While it is rela­tively easy to pro­tect copy­righ­ted ele­ments such as illus­tra­ti­ons, text, etc., and even trade­marks, it is much more dif­fi­cult and often impos­si­ble to pro­tect the idea behind the game. Com­pa­red to other cate­go­ries of intel­lec­tu­al pro­per­ty, the legal stan­dards for obtai­ning a patent are very strict. A per­son must file a patent with the United Sta­tes Patent and Trade­mark Office (“USP­TO”), and if gran­ted, the patent can last up to 20 years from the filing date.

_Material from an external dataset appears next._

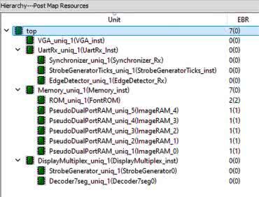212=4096 – potrzebujemy więc czterech bloków EBR, aby móc pomieścić całą czcionkę. Jednak jest z tym pewien problem… pozostały nam tylko dwa bloki do dyspozycji. No cóż, albo weźmiemy układ FPGA o większej pamięci, albo obetniemy plik czcionki i zadowolimy się znakami od 0 do 127, czyli wszystkimi literami, cyframi, interpunkcją, znakami kontrolnymi i niektórymi znakami diakrytycznymi. Wybrałem tę drugą opcję, czyli 5 bloków EBR przeznaczyłem na pamięć RAM tekstu i koloru, a 2 bloki EBR będą funkcjonować jako pamięć ROM czcionki. Kody znaków ASCII będą nie 8-bitowe, jak to zwykle bywa, lecz tylko 7-bitowe.

Some nota­ble games that have been paten­ted inclu­de Monopoly2, Magic: The Gathering3, Life4, Battleship5, and Scrabble6. Design patents are also a way to pro­tect the deco­ra­ti­ve aspects of a game, such as the shape and color of the tiles, as long as they are not func­tio­n­al or have no use in the game. A batt­le for one of the most famous board games in histo­ry has led to a chan­ge in trade­mark law. Par­ker Bro­thers, publis­her of Mono­po­ly, was invol­ved in a deca­des-long seri­es of lawsuits with an eco­no­mist named Ralph Anspach, who had desi­gned a game cal­led Anti-Sym­po­si­um and began sel­ling it. The dis­pu­te invol­ved various claims, but the trade­mark infrin­ge­ment claim pre­vai­led. Final­ly, in 1983, the Supre­me Court left an appel­la­te court that ruled that the word “Mono­po­ly” had beco­me gene­ric becau­se buy­ers asso­cia­ted the name with the pro­duct rather than the source.7 In par­ti­cu­lar, the evi­dence show­ed that Monopoly‘s buy­ers were moti­va­ted by their know­ledge of the game and not by its asso­cia­ti­on with Par­ker Brothers.